Il libro tratta di storia recente, degli ultimi quarant’anni di ristorazione in Italia. Un periodo di grande fermento che, però, ha fatto a pezzi quello che il maestro Gualtiero Marchesi raccontava a quel tempo: “Fu Paul Bocuse a dirmi che la cucina francese decadrà quando i cuochi italiani si renderanno conto del patrimonio di ricette e prodotti che hanno, invece di dimenticarlo per ignoranza, per esterofilia, per moda”. Quello che, invece, è avvenuto è proprio questo e il libro di Mauro Bassini lo racconta in maniera egregia, con un po’ di ironia ma con tanta verità. Tutto è accaduto quando gli chef italiani hanno intrapreso una strada che arrivava dalla Costa Brava in Spagna dove, negli anni ’80, si celebrava il genio di Ferran Adrià. Ma copiare non è facile e tutto si è ridotto a insapore e tecnologia; il genio copia, il mediocre imita, diceva giustamente Pablo Picasso. Le cotture a bassa temperatura hanno imperato ovunque nell’alta ristorazione fino a lambire qualche cucina di trattoria. Bassini che lo ricorda, con molti esempi, nella ricostruzione di questi ultimi quarant’anni, fino ad arrivare all’oggi, dove rimane una “cucina disorientata e inquieta”, un dibattito fuorviante sulla morte o meno del fine dining. Noi crediamo che basti tornare alla profezia di Paul Bocuse e riprendere in mano, lavorandole il poco che basta, le straordinarie materie prime dei nostri territori per, come scrive Bassini, “ritrovare nei piatti quei gusti che, purtroppo, abbiamo in gran parte perduto”.

Storia dell’alimentazione

J.L. Flandrin e M.Montanari

Editore Laterza

Pagine 750

54 euro www.laterza.it

Non c’è più gusto

Mauro Bassini

Minerva editore

Pagine 158

Euro 16,90

www.minervaedizioni.com

Storia dell’alimentazione

Quello che descriviamo è un’opera uscita, nella sua prima edizione nel 1997, quasi trent’anni fa, ma resta il saggio più importante per tutti quelli che vogliono conoscere conoscere l’evoluzione della storia alimentare dalla preistoria ai giorni nostri.
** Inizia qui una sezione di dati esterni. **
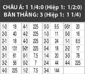 Tối thiểu 1 bàn hiệp 1: 16/20 trận gần nhất của M.U có tối thiểu 1 lần lưới rung hiệp 1. Tương tự là 10/11 trận sân nhà gần nhất của Quỷ đỏ. NHM nên đợi sau 15 phút đầu rồi mới đặt niềm tin vào tỷ lệ nhiều bàn hiệp 1.

La Storia dell’alimentazione di Jean-Louis Flandrin e di Massimo Montanari è davvero il più completo, leggibile, appassionante saggio dei tanti che parlano di cibo. Si raccontano storie e leggende che ti trascinano in mondi lontani, ma anche la storia delle tradizioni alimentari, delle tecniche produttive, degli scambi commerciali, delle forme conviviali e degli usi quotidiani in Europa e non solo.

Leggendolo si impara il valore del cibo, come soggetto di scambi culturali tra genti diverse, come elemento economico fondamentale nei rapporti tra gli stati, come combinazione di stili di vita. È un grande, affascinante viaggio storico-gastronomico, come scrivono i due autori nell’introduzione, dal cibo degli antichi romani alle tavole imbandite del Rinascimento, dalle cucine regionali europee all'avvento dei McDonald's. Si smontano pensieri comuni come quello che la pasta la portò in Italia Marco Polo o che il pâté di fegato grasso sia stato inventato nel 1788, a Strasburgo. In realtà, le paste italiane non sono venute dalla Cina, né sono arrivate da Venezia, ma si sono diffuse dal Mezzogiorno, dove erano conosciute molto prima del viaggio in Oriente di Marco Polo e nel 1739 si trovano già, in Les Dons de Comus, dei «piccoli pâtés di fegato grasso”. Esempi di come i due autori riportino sotto la giusta luce la storia dell’alimentazione.